Conversely, if the model predicts a relatively low likelihood of a
particular element being selected, the visible area is reduced;
this makes it harder for the user to inadvertently select that
element. The predictions by the predictive model need only be
reasonably well correlated with the user's actual selections for
this to provide overall improvements in accuracy and efficiency
over a number of selections. Once a user has selected a particular
one of the visual elements, respective selection parameters of two
or more of the visual elements may be updated such that those
visual elements have different visible areas reflecting their
different respective likelihoods of being selected next.
[0008] The user may select a visual element by causing a pointer
(defined by the tracking inputs) to intersect its visible area. The
pointer can be defined in 2D or 3D space. One example application
of the visual interface is in a 3D augmented or virtual reality
environment. In this context, the visual interface may be a virtual
3D object with which a user can engage in 3D space. For example,
the pointer may be a user pose vector and the user may select an
element by causing the pose vector to intersect its visible area
(the user is said to be pointing at the element in that event).

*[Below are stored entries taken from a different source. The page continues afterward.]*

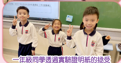
一年級同學透過實驗證明紙的承受力有多強，他們竟可站立在紙上。
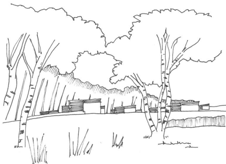
Eksempel på tæt-lav i grønne omgivelser

Det foreslås, at vejforløbene ændres, så der ikke opstår gennemkørende trafik, og at der evt. etableres lyssignal i krydset Lagesminde Allé/Gammel Køge Landevej.
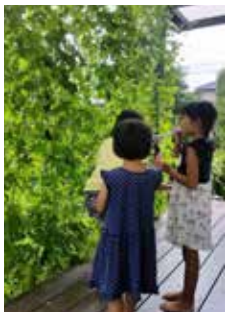
▲平成30年度 生育部門フラワーピース賞
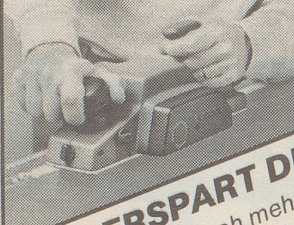
Türen kürzen, schnell und mühelos

DER HOBEL IM HAUS ERSPART DEN ZIMMERMANN! Ein starker, präziser und schneller Arbeiter: der neue Elektrohobel DN 750. Nun sind Sie für alle anfallenden Hobelarbeiten optimal ausgerüstet. Türen kürzen, Oberflächen glätten, Möbel herstellen: Mit kraftvollen 470 Watt, einer stufenlos einstellbaren Spanabnahme von 0-1,5 mm, einer Falztiefe von 20 mm und einer Hobelbreite von 75 mm schafft der DN 750 ein schön breites Stück!
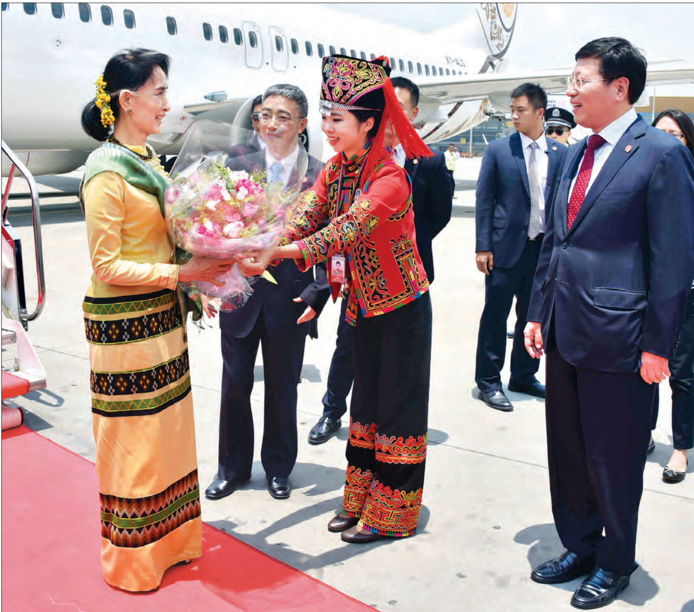
နိုင်ငံတော်၏အတိုင်ပင်ခံပုဂ္ဂိုလ် ဒေါ်အောင်ဆန်းစုကြည်အား တရုတ်ပြည်သူ့သမ္မတနိုင်ငံ ကူမင်းလေဆိပ်၌ တာဝန်ရှိသူများက ကြိုဆိုနှုတ်ဆက်စဉ် (သတင်းစဉ်)

ပေကျင်း မေ ၁၃ နိုင်ငံတော်၏ အတိုင်ပင်ခံပုဂ္ဂိုလ် ဒေါ်အောင်ဆန်းစုကြည်သည် တရုတ်ပြည်သူ့သမ္မတနိုင်ငံ ပေကျင်းမြို့၌ မေ ၁၄ ရက်နှင့် ၁၅ ရက်တွင် ကျင်းပမည့် Belt and Road နိုင်ငံတကာ ပူးပေါင်းဆောင်ရွက်ရေးဖိုရမ်သို့ တက်ရောက်ရန် ယနေ့ ဒေသစံတော်ချိန် မွန်းလွဲ ၁ နာရီတွင် မြန်မာအမျိုးသားလေကြောင်းလိုင်းဖြင့် ကူမင်းမြို့သို့ရောက်ရှိရာ ယူနန်ပြည်နယ် ဒုတိယ အုပ်ချုပ်ရေးမှူး H.E. Mr. Chen Shun၊ မြန်မာနိုင်ငံဆိုင်ရာ တရုတ်သံအမတ်ကြီး မစ္စတာ ဟန်လျန်း၊ မြန်မာကောင်စစ်ဝန်ချုပ် ဦးစိုးပိုင်နှင့် တာဝန်ရှိသူများက ကူမင်းလေဆိပ်၌ ကြိုဆို
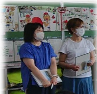
参観の学校評議員さん
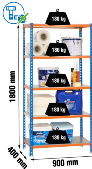
SIMONCLICK 5/400 AZUL/NARANJA/GALVA EAN: 8435104912690
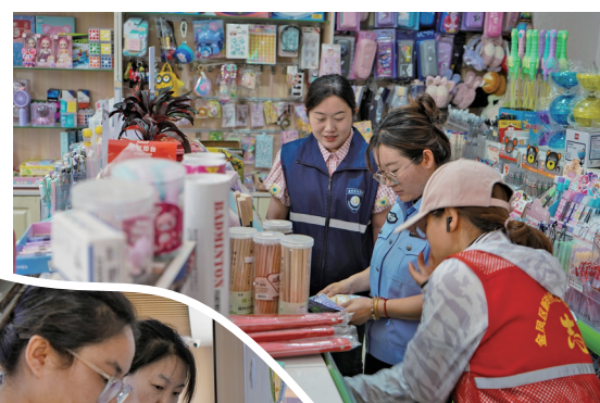
治安保卫员对校园周边商户进行排查。
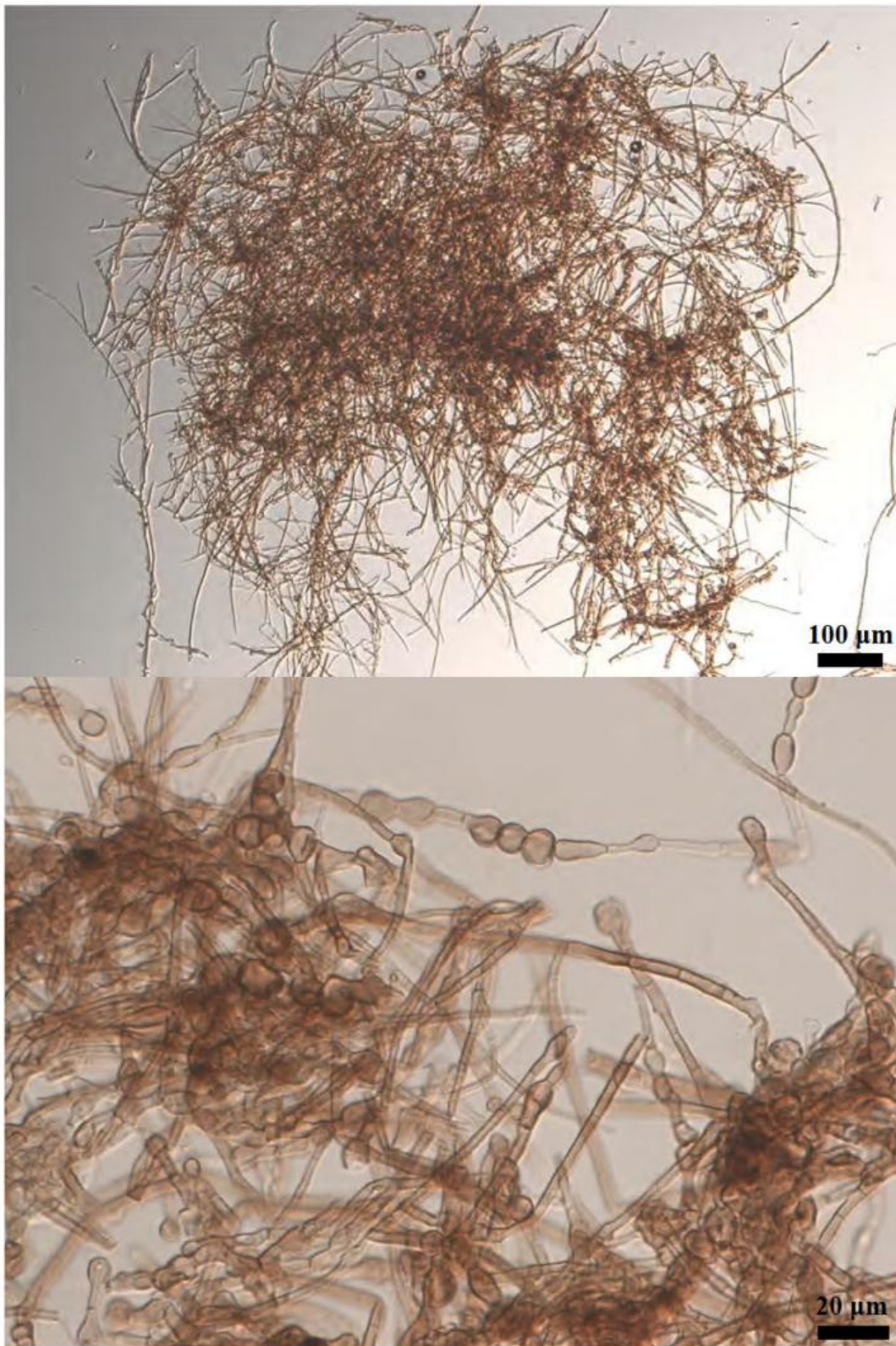
図 2. SIID00000 の光学顕微鏡観察像 (微分干渉観察像)
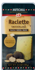
Queso Raclette con Trufa Cont. 150g
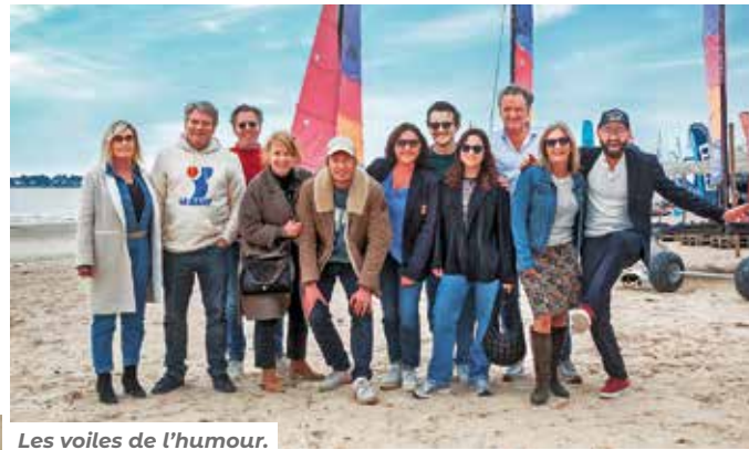
Les voiles de l'humour.
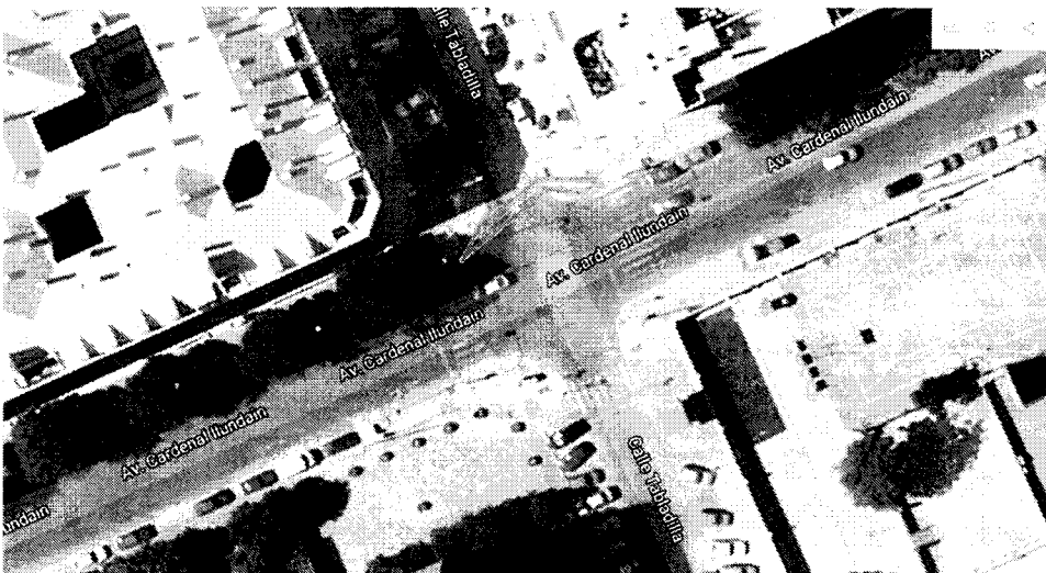
Ilustración 3: traza propuesta

This could, for example, be a head or eye pose (such that the user
engages with a given element by pointing their head or gaze towards
it), which has the benefit that no hand tracking, gesture
detection, or hand-held controller is required. However, the
techniques can also be applied based on e.g. a tracked a limb or
digit pose (such that the user engages with a given element by
pointing e.g. their arm or finger towards it). In some embodiments,
the at least one selection parameter defines a selection duration,
and the visual element is only selected if the pointer remains
intersected with its visible area for that duration; elements that
are more likely to be selected have their visible area increased
but their selection duration reduced (both of which make the key
easier and quicker to select), whereas elements that are less
likely to be selected have their visible area reduced and their
selection duration increases (both of which reduce the risk of
unintended selections).
BRIEF DESCRIPTION OF FIGURES
[0009] For a better understanding of the present disclosure, and to
show how embodiments of the same may be carried into effect,
reference is made by way of example only to the following figures
in which:
[0010] FIGS. 1A and 1B show, respectively, a schematic perspective
view and schematic block diagram of a MR headset;
[0011] FIG. 2 shows a schematic function block diagram of a user
interface layer;
[0012] FIG. 3 shows a schematic perspective view of a gravity key
interface rendered in a 3D augmented or mixed reality environment;
and
[0013] FIG. 4 shows a flowchart for a method of processing tracking
inputs for engaging with a visual interface.
DETAILED DESCRIPTION
[0014] With the prevalence of smartphones, tablets and other modern
touchscreen devices, much attention has been given to improved
touchscreen interfaces. However, newer types of user device, such
as virtual or augmented reality headsets, "smart" glasses etc.,
present new challenges. For instance, in a 3D virtual or augmented
reality context, there are various challenges in designing
effective key-selection interfaces and the like, that can be
usefully deployed in a "virtual" 3D world, and which can match more
traditional forms of interface in terms of efficiency (time taken
to make a sequence of desired key selections), accuracy (reducing
instances of unintended key selections) and/or intuitiveness. When
it comes to intuitive feedback, one particular challenge in certain
virtual contexts may be the lack of tactile feedback compared with
physical or touchscreen keyboards and the like.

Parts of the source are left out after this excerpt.